_Data listing_

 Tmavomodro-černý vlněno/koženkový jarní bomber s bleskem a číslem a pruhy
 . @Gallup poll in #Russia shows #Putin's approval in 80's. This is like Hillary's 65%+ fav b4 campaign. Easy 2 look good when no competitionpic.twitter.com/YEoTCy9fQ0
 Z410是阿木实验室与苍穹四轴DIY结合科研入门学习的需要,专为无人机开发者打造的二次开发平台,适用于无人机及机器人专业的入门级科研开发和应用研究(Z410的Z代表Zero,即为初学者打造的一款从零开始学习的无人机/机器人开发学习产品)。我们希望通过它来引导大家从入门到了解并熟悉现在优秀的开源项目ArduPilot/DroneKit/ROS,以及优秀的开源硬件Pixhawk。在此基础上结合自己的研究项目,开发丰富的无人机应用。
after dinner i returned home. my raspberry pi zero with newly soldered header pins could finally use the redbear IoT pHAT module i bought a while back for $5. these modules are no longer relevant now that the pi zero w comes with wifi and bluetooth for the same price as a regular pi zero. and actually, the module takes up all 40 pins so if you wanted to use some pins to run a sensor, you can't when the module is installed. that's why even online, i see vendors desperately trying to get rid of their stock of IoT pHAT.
...
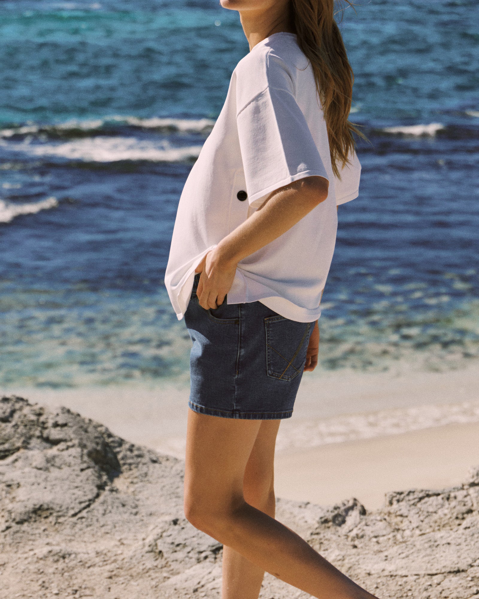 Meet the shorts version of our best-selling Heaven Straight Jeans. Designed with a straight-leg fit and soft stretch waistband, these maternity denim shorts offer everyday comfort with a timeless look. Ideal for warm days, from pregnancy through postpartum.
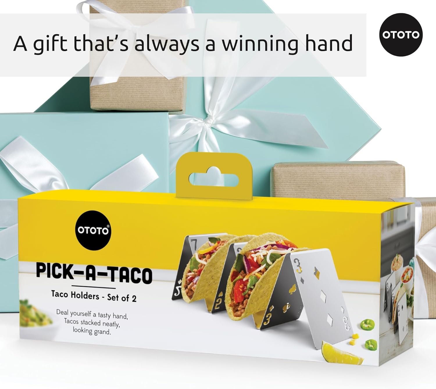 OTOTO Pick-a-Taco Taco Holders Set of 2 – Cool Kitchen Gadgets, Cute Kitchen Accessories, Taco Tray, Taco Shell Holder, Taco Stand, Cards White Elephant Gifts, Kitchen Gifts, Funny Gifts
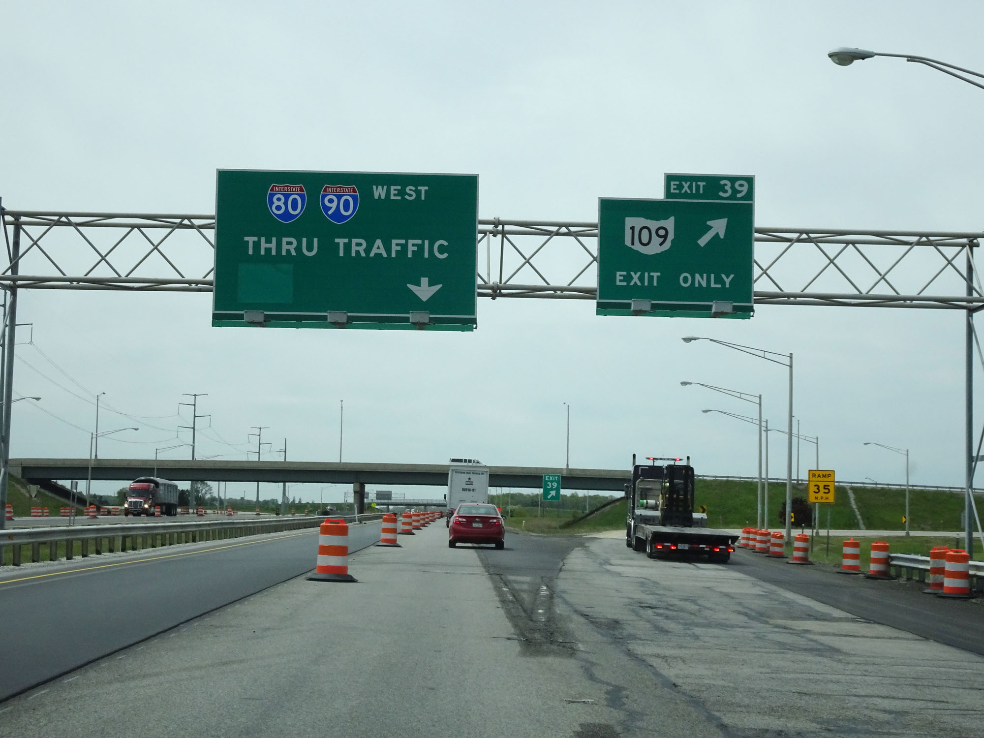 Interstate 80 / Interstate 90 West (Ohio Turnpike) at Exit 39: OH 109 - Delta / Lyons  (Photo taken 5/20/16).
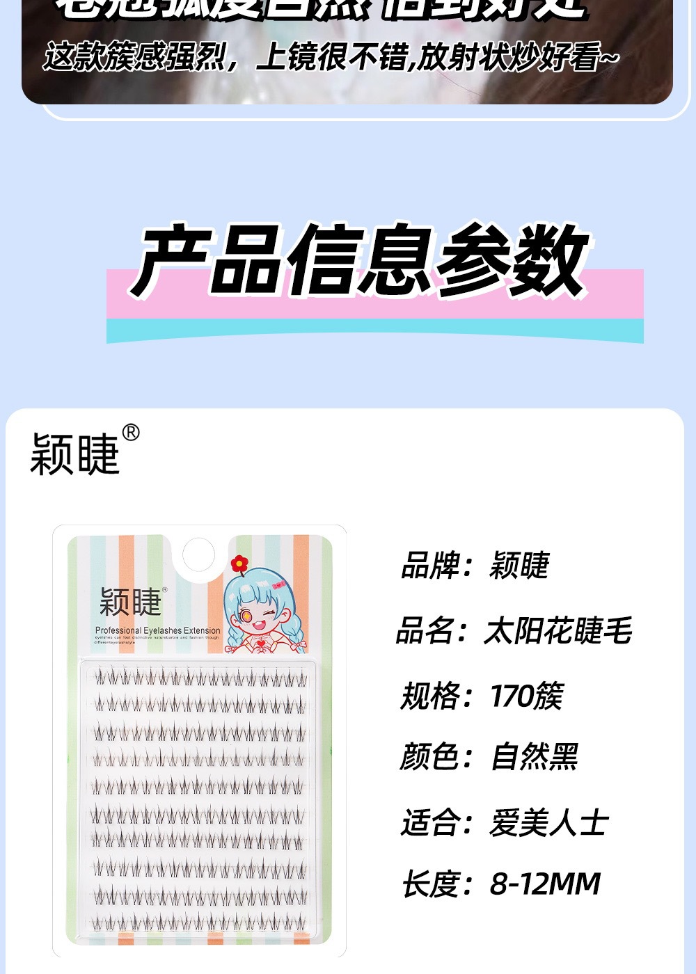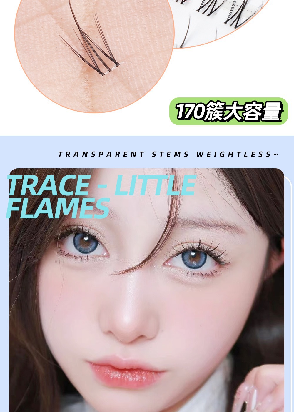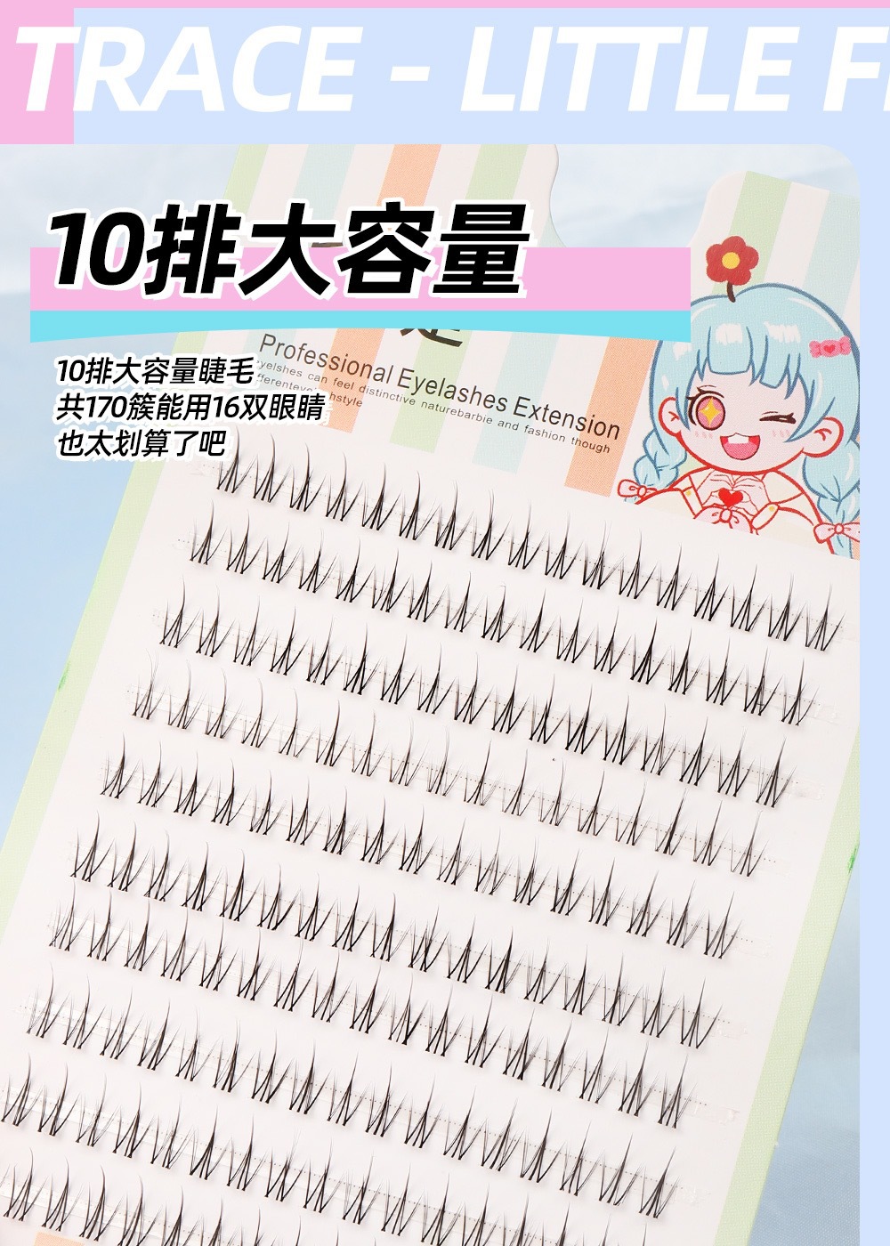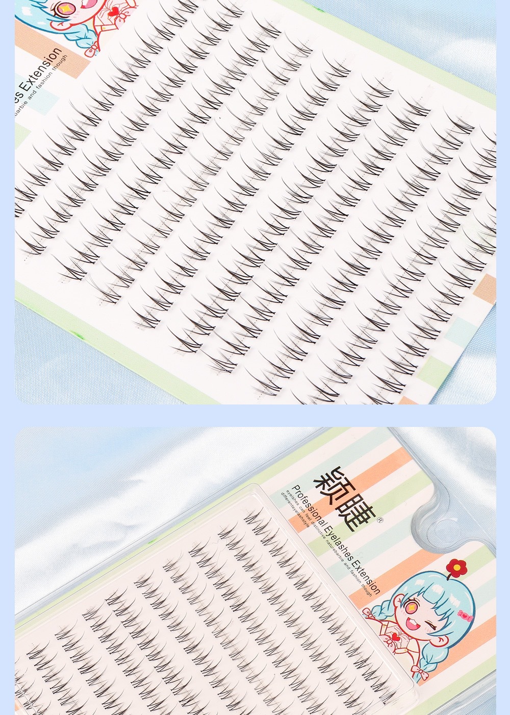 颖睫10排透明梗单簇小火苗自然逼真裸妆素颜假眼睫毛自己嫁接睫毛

_What you need to do_
Please, from the entries above, set down exactly the lines from the one containing "Tmavomodro-černý vlněno/koženkový jarní" through the one containing "after dinner i", and only those.

_Result of the exercise_
 Tmavomodro-černý vlněno/koženkový jarní bomber s bleskem a číslem a pruhy
 . @Gallup poll in #Russia shows #Putin's approval in 80's. This is like Hillary's 65%+ fav b4 campaign. Easy 2 look good when no competitionpic.twitter.com/YEoTCy9fQ0
 Z410是阿木实验室与苍穹四轴DIY结合科研入门学习的需要,专为无人机开发者打造的二次开发平台,适用于无人机及机器人专业的入门级科研开发和应用研究(Z410的Z代表Zero,即为初学者打造的一款从零开始学习的无人机/机器人开发学习产品)。我们希望通过它来引导大家从入门到了解并熟悉现在优秀的开源项目ArduPilot/DroneKit/ROS,以及优秀的开源硬件Pixhawk。在此基础上结合自己的研究项目,开发丰富的无人机应用。
after dinner i returned home. my raspberry pi zero with newly soldered header pins could finally use the redbear IoT pHAT module i bought a while back for $5. these modules are no longer relevant now that the pi zero w comes with wifi and bluetooth for the same price as a regular pi zero. and actually, the module takes up all 40 pins so if you wanted to use some pins to run a sensor, you can't when the module is installed. that's why even online, i see vendors desperately trying to get rid of their stock of IoT pHAT.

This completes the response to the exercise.